Он представил, как тот будет издеваться над ним. Даже думать об этом было противно. «Лучше полгода буду служить без жалованья. Если оставят на работе… А оставят ли?..»
Не уйти от разговоров с Андреем Лукьяновичем, Витькой Важениным. Как смотреть в глаза его отцу? А там из области нагрянут и ревизоры… От всех этих мыслей не хотелось не только на свет божий глядеть, но и жить. Сидеть одному в конторе стало невыносимо — потянуло с кем-нибудь поделиться своей бедой, посоветоваться. Но с кем?.. Конечно, с женой! Прежде чем запереть сейф, он еще раз проверил остаток, пересчитал на счетах приход и расход в кассовой книге — сальдо оказалось прежним.
Тихой знакомой улочкой он пошел в сторону больницы.
По заборам и крышам домов стелился золотистый, спокойный утренний свет. Просыпалась станица: кто-то звонко отбивал косу, во дворах гремели рукомойниками.
Дежурная сестра вызвала Евгению. Держась за перильца, она стояла на верхней ступеньке крыльца. Илье показалось, что за эти ночь и утро он как-то съежился, стал ниже ростом. Ни муж, ни банкир из него не вышли, а вот разиней он стал первосортным…
— Ну что? — спросила Женя и достала из нагрудного кармашка папироску.
— Сон, как говорят, в руку… — Илья протянул ей зажженную спичку.
— Не шути! — Она дунула и погасила спичку.
— Какие там шутки! Выть хочется…
— Погоди! Что за ерунда! — Она быстро сошла с крыльца и схватила его за руку. — Как это могло случиться?
— Так и случилось… Если бы вчера проверил кассу… — Он взял у нее из рук папиросу и затянулся, не чувствуя ни вкуса, ни запаха.
— Что бы тогда изменилось?
— Все-таки по горячим следам… — Жадно затянувшись, он вернул ей папиросу.
— Может, просчитался?
— Возможно…
— Ну что ты за мямля, господи! Ты же знаешь, кому выдавал деньги?
— Конечно, знаю. — Илья вспомнил, как взбесил его Купоросный, с какой злорадной, презрительной улыбочкой он клал в карманы пачки денег.
Оба долго и напряженно молчали.
— Ну что ты молчишь? — Она поднесла к губам папиросу. — А ведь все из-за твоей дурацкой ревности…
Не таких слов он ждал от нее.
— Погоди, не вешай голову! — желая поправить неловкость, сказала Женя.
Но Илья уже не слушал ее.
«Быстрее на почту!
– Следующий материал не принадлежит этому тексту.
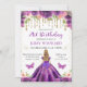 Elegante aquarela Loira Camada princesa em design de roupas roxas profundas com flores roxas e douradas, borboletas e confete dourado.

Деньги там… Конечно, он недополучил! Последние дни кассиры посмеивались над его рассеянностью, а вчера взяли да и подшутили…»
Предчувствие было настолько убедительным и сильным, что он ни на минуту не сомневался в благополучном исходе. С каждым шагом он внушал себе, что через несколько минут будет непременно держать деньги в руках.
— С полным встречаю! Здравствуйте!
Веселый, задорный голос Оли Башмаковой заставил вздрогнуть его.
— Здравствуйте, Ольга Евсеевна! — Обрадованный встречей, ответил он громко.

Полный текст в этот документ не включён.